The evidence from the current report suggests that the increasing rates are not driven solely by clinical necessity.
Maori, Pacific Island, and women from more deprived areas might be expected to have higher rates of conditions such as
smoking, diabetes, poor nutrition and poor antenatal care - all conditions that could predispose to a greater clinical
need to intervene. However, since it is these very groups who have the lower rates, it is likely that other factors such
as women's expectations, perceptions and requests are playing a large part.
The report documents a very steep rise in induction rates in the July 95 - June 96 year but this is thought to be partly
explained by changes in coding practice. Nevertheless, we now have a national rate of 21.5%. The rate reported from the
US is 18.4% in 1997; though these figures have been shown to be under-reported. Inductions, like other procedures, are
less common in Maori, Pacific Island and women from more deprived areas. Like Caesarean sections, these differences
cannot be explained by clinical need. While some increase in inductions may be justified by changes in what is
considered to be best evidence-based practice, this does not explain our overall high levels and the even higher rates
in some units. Again there are issues for discussion at the professional and provider level.
Instrumental vaginal deliveries
Rates for forceps and vacuum extraction (Ventouse) deliveries have declined very slightly over the 10 year period from
12.4% to 11%. US national data show a steady rate at about 9%. Both here and in the US there is a tendency for Ventouse
deliveries to rise in frequency while forceps decline.

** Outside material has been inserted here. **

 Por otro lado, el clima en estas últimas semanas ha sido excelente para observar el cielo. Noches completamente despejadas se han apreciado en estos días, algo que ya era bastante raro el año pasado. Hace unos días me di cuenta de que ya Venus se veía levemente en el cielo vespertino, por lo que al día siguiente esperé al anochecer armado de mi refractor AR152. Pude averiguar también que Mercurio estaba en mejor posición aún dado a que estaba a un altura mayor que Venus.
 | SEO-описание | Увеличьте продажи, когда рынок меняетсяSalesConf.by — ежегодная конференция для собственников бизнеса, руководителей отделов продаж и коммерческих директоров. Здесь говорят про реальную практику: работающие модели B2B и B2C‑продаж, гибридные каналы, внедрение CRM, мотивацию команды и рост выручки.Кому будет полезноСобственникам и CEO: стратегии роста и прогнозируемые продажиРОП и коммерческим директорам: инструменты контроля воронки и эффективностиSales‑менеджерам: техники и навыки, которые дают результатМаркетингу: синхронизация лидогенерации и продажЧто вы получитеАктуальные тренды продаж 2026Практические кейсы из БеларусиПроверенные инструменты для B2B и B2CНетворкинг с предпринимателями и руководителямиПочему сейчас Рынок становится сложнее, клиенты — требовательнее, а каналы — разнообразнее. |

There is evidence that Ventouse carries less risk of damage to
the mother and this may explain its increasing use.
The report questions the accuracy of the figures for rates of episiotomy (a minor surgical procedure involving cutting
the woman’s perineum to allow the baby to be delivered more easily). However, even if the actual rates are somewhat
higher than reported, it is likely that the downward trend in rates is real (from 13.2% to 6.4%). Given the discomfort
and morbidity associated with the procedure, a drop in its frequency would generally be considered a positive result.

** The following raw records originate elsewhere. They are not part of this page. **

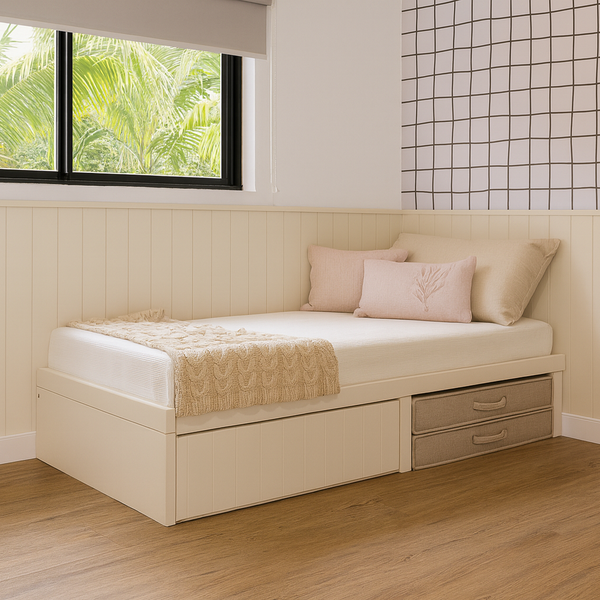 A cama com auxiliar permite uma grande otimização do seu investimento e espaço, acomodando dois lugares de dormir no espaço de apenas um, além de gaveta par armazenamento.
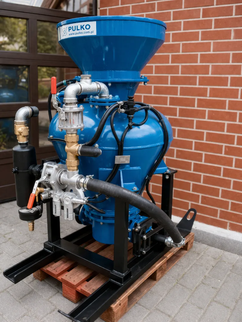 Zastosowanie na końcówce rurociągu lancy umożliwia wykonywanie torkretu z zastosowaniem takich spoiw jak:
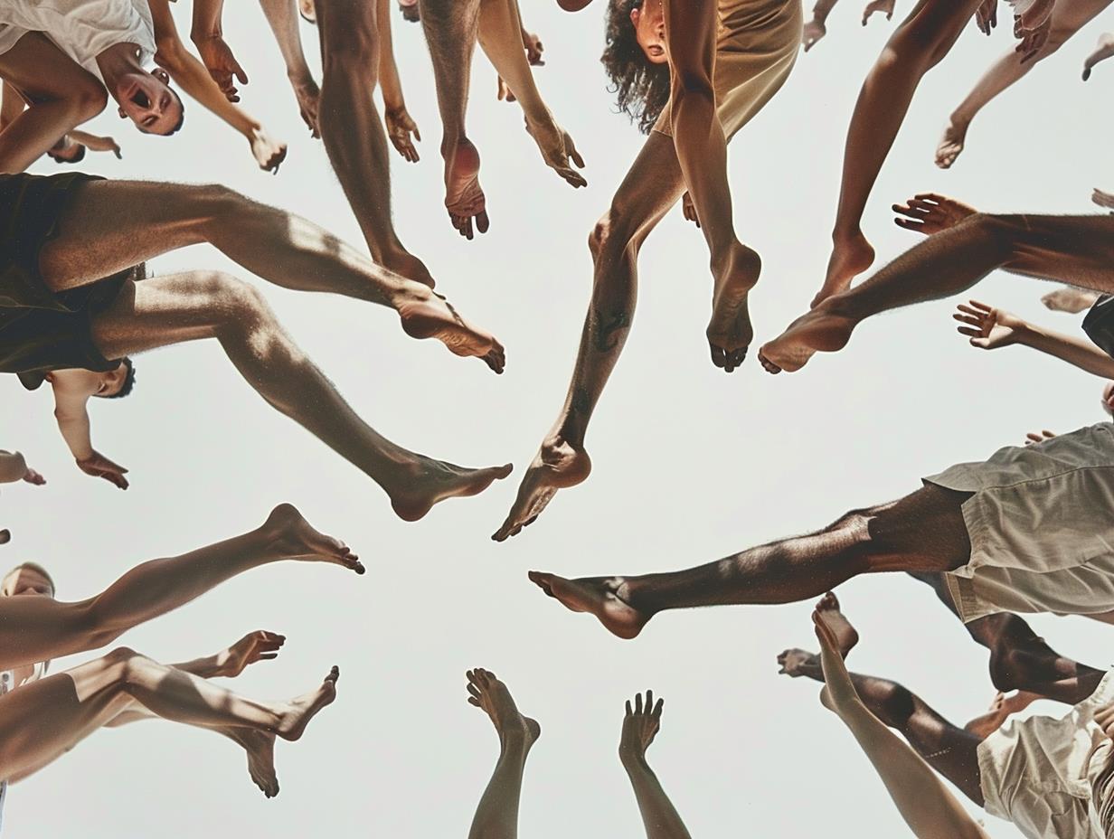 Neu aus der KI auf meiner Festplatte: Frisch imaginierte Menschengruppen inszeniert in der Art von Claudia Rogge (*1965).
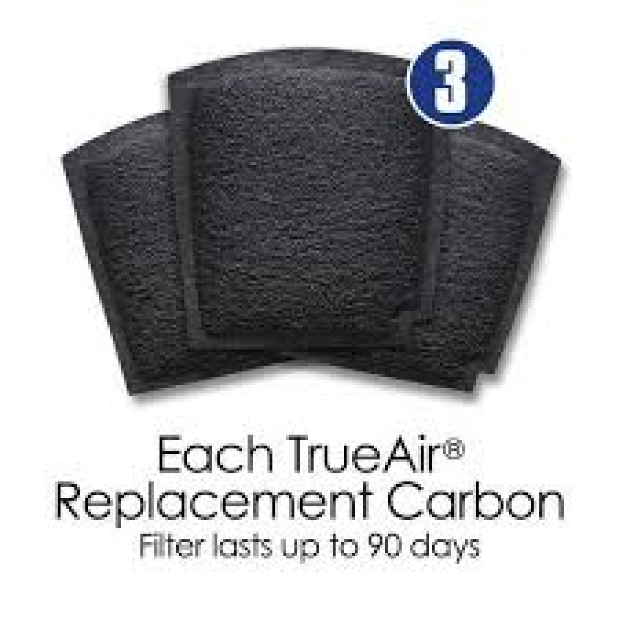 The Hamilton Beach TrueAir replacement Carbon Filter (3 pack) features activated carbon material designed to last up to 90 days per filter, The filters are specifically designed to trap and neutralize common household odors from pets, cooking, and smoke in compatible TrueAir models like the 04384 and 04532GM. They offer easy, tool-free installation and should not be rinsed with water to maintain effectiveness.
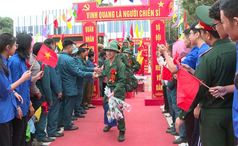 Thanh niên huyện Tuần Giáo, tỉnh Điện Biên lên đường nhập ngũ năm 2024. |
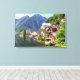 lienzo de Hallstatt, pueblo alpino y lago de Austria
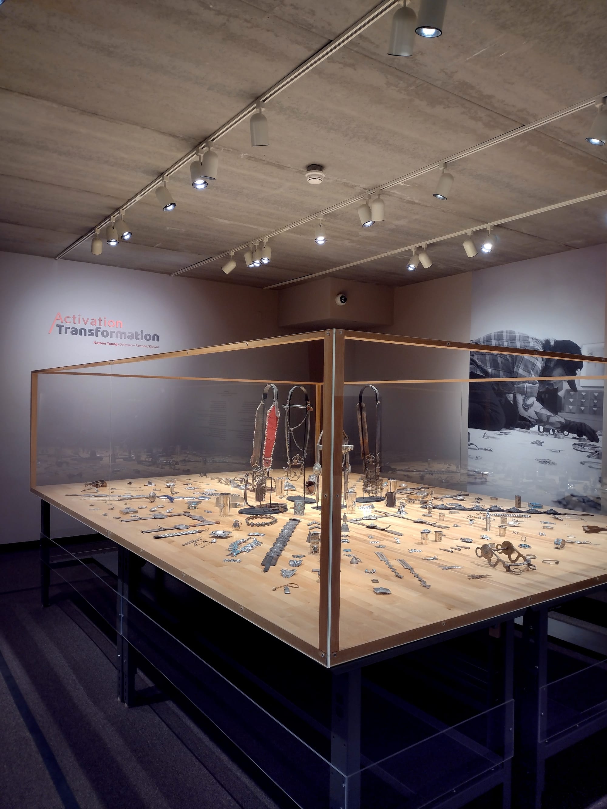 Activation/Transformation harbors a myriad of stories, some known, some never to be. Bridles, tools, bow guards, belt buckles, utensils, cigarette holders, jewelry, and other objects of personal adornment, care, and function, ranging from the 19th century to the present, are presented in a visually dynamic display on a rectangular tabletop, protected by plexiglass. The composition, though abstract, is akin to the Zia sun symbol; horse work objects concentrate at the center while other objects radiate outward as directional indicators of traveling, identity, and placemaking.
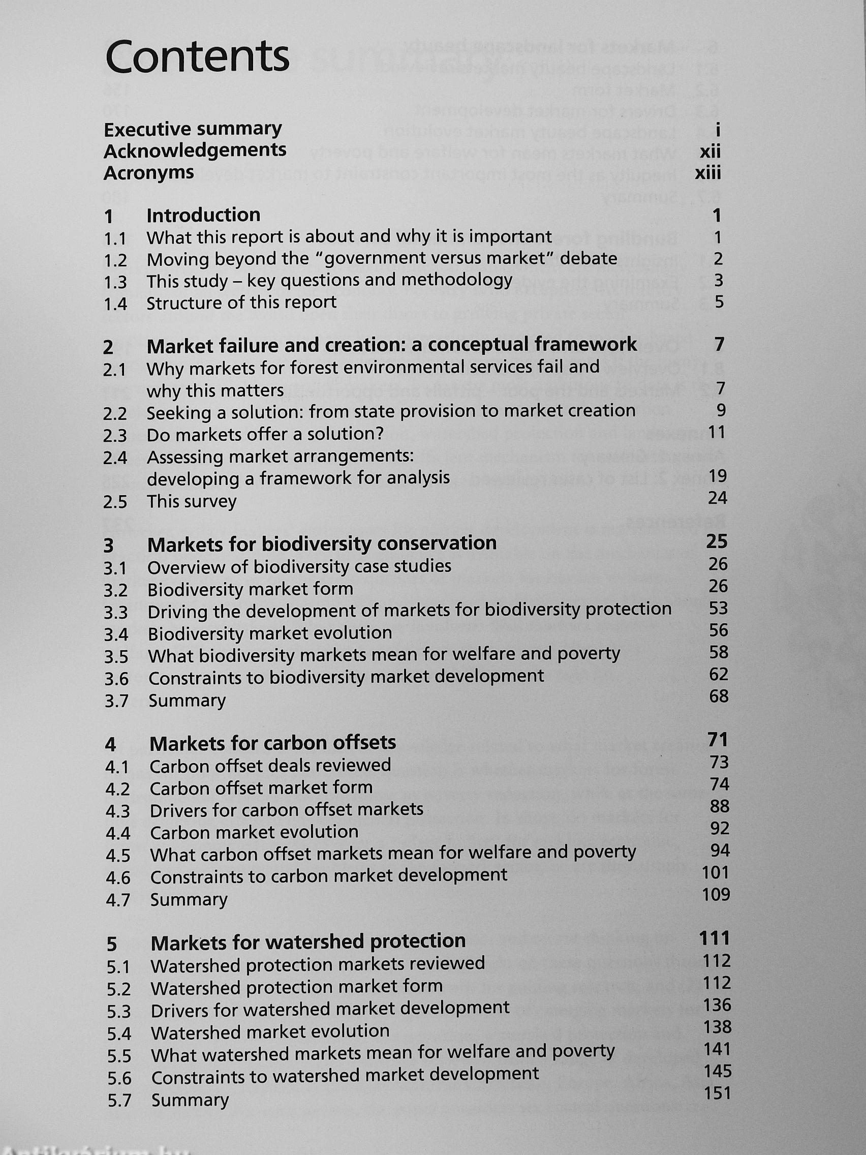 In such times of change, it is difficult to stand back and take stock. Yet, it is during such times that guidance is most needed. Unanswered questions abound. What drives market development? How should markets be established? What costs are involved? Will markets improve welfare? Will some stakeholders benefit more than others? How does performance vary between market structures? What is the role for governments? In the rush to introduce market-based solutions to environmental problems, a particular concern is how markets are impacting on poorer groups.

Epidural analgesia The data on epidural analgesia (a spinal injection to kill the pain of labour) shows that the
procedure was not recorded before June 1994 (although it was perfomed). Since then, however, there has been a rising
rate until the present national rate of 24% with some hospitals having closer to 40%. Information gathered by some
hospitals internally shows an even higher rate than that (e.g. 57% for Wellington Women's Hospital in 1997).

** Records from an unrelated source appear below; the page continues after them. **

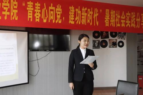 9月24日下午12:30,2019年“青春心向党,建功新时代”暑期社会实践分享会在国际交流中心二楼举行。出席本次会议的有院团委副书记鲁晨阳、院团委沙成金老师、各团队指导老师以及各暑期社会实践团队学生代表30名,分享会评委由各院(系)团总支书记担任,学生会刘文清同学主持了本次分享会。
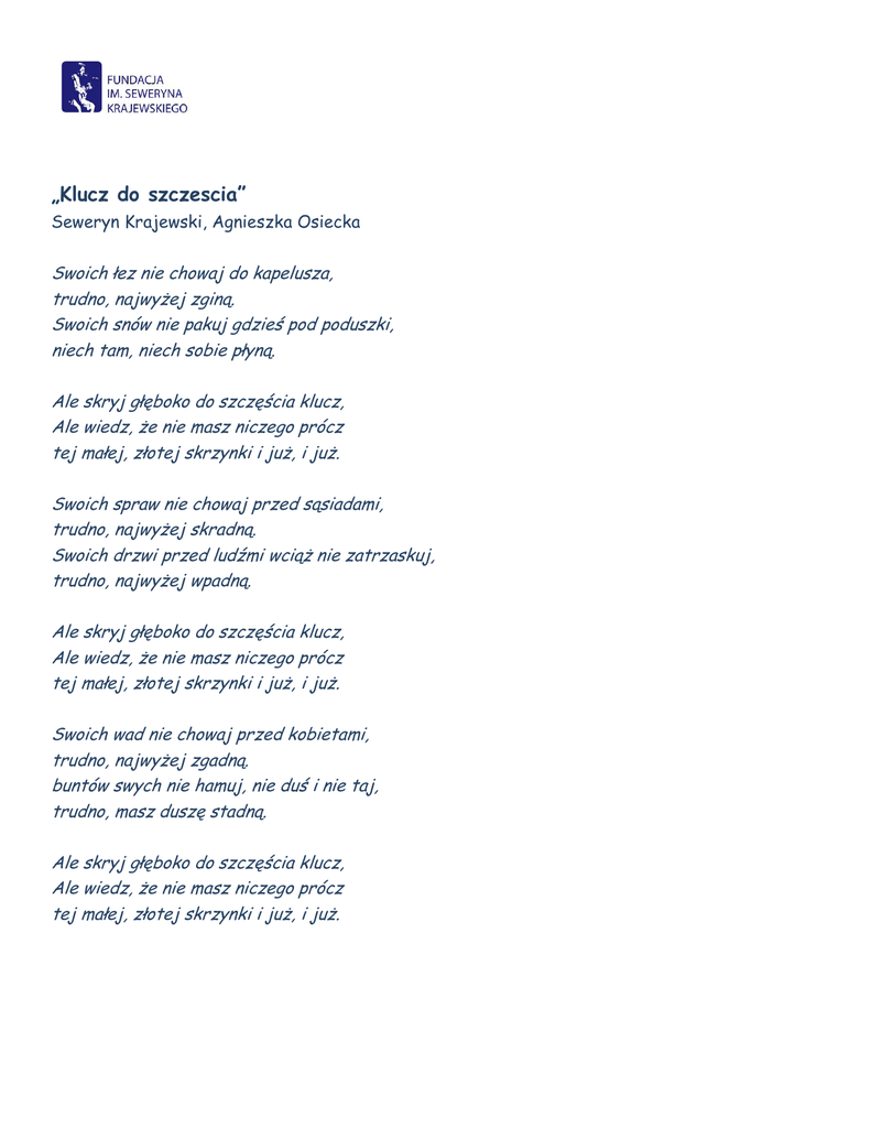„Klucz do szczescia” Seweryn Krajewski, Agnieszka Osiecka Swoich łez nie chowaj do kapelusza, trudno, najwyżej zginą. Swoich snów nie pakuj gdzieś pod poduszki, niech tam, niech sobie płyną. Ale skryj głęboko do szczęścia klucz, Ale wiedz, że nie masz niczego prócz tej małej, złotej skrzynki i już, i już. Swoich spraw nie chowaj przed sąsiadami, trudno, najwyżej skradną. Swoich drzwi przed ludźmi wciąż nie zatrzaskuj, trudno, najwyżej wpadną. Ale skryj głęboko do szczęścia klucz, Ale wiedz, że nie masz niczego prócz tej małej, złotej skrzynki i już, i już. Swoich wad nie chowaj przed kobietami, trudno, najwyżej zgadną. buntów swych nie hamuj, nie duś i nie taj, trudno, masz duszę stadną. Ale skryj głęboko do szczęścia klucz, Ale wiedz, że nie masz niczego prócz tej małej, złotej skrzynki i już, i już.
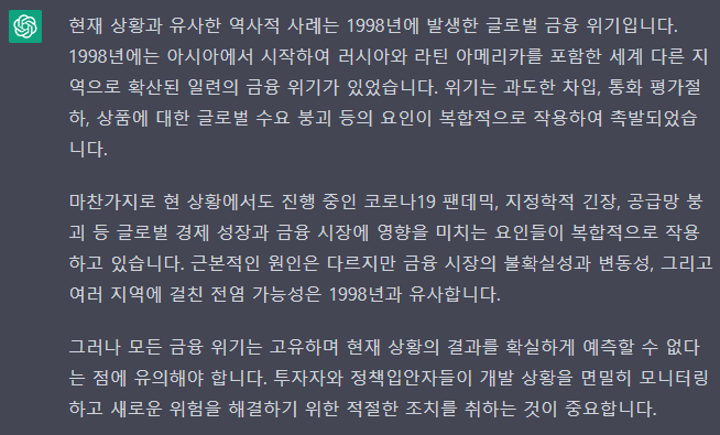 ChatGPT 쓰임새가 갈수록 놀랍다. 레이 달리오 정도나 되는 성실성을 가져야 역사에 대한 백테스팅도 할 줄 알았는데 이제는 단편적인 역사 사건을 찾아주는 것을 AI가 해준다.
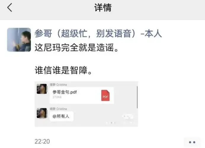 不过,对于网络上流传璩静让部门全体员工学习的“参哥金句”,被参哥予以否认,并称“这完全是造谣,谁信谁是智障”。
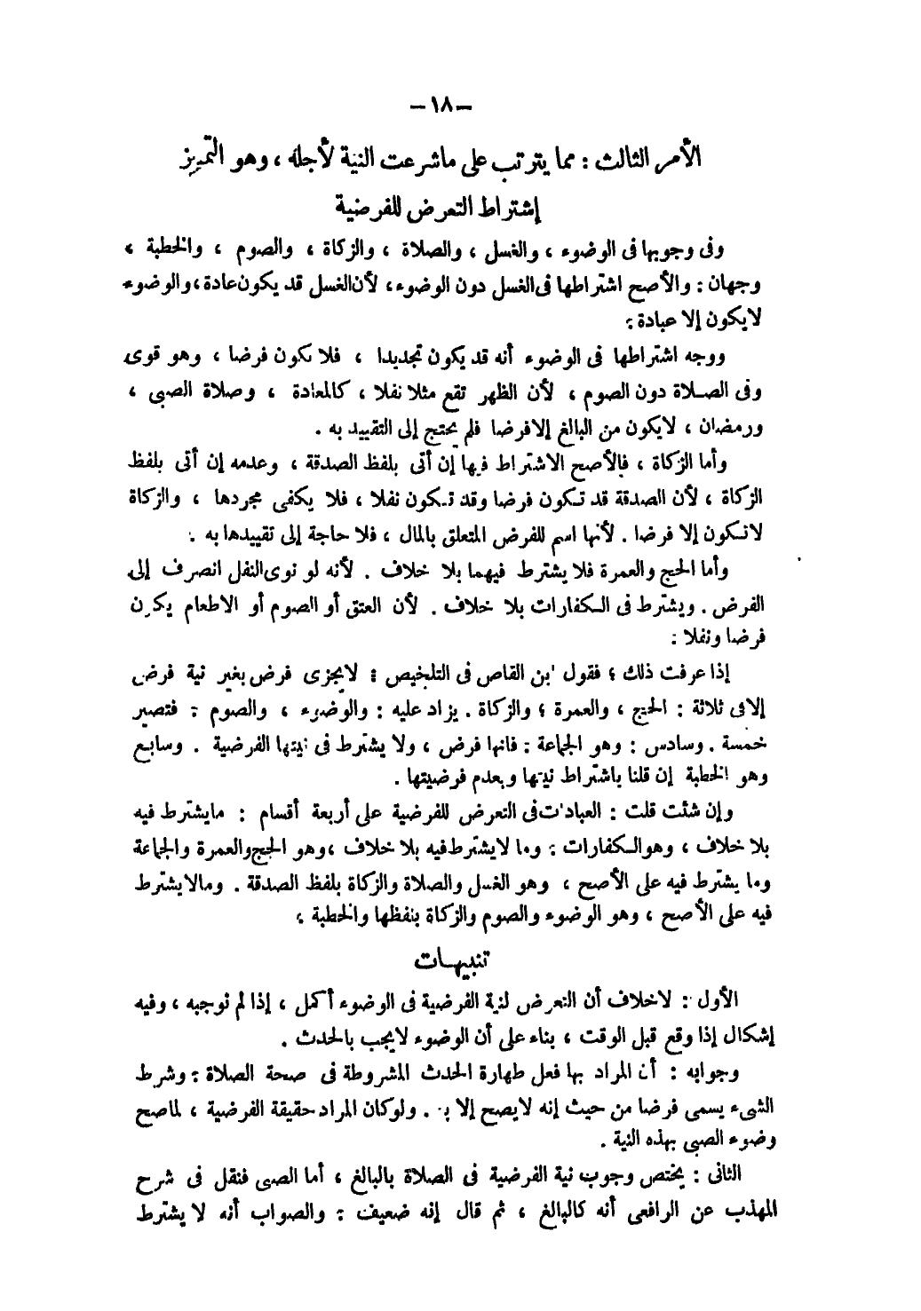 الثَّانِي: يَخْتَصّ وُجُوب نِيَّة الْفَرْضِيَّة فِي الصَّلَاة بِالْبَالِغِ، أَمَّا الصَّبِيّ فَنَقَلَ فِي شَرْحِ الْمُهَذَّبِ عَنْ الرَّافِعِيّ أَنَّهُ كَالْبَالِغِ، ثُمَّ قَالَ إنَّهُ ضَعِيف وَالصَّوَاب أَنَّهُ لَا يُشْتَرَط

Availability of personnel skilled in the procedure (mostly anaesthetists) tends to be the limiting factor in some places
where the demand is not sufficient to warrant a dedicated obstetric anaesthetic service (or, conversely, availability of
such a service tends to stimulate demand). The report shows that epidurals are a very considerably more common procedure
in women who are neither Maori nor Pacific women and in those from least deprived areas.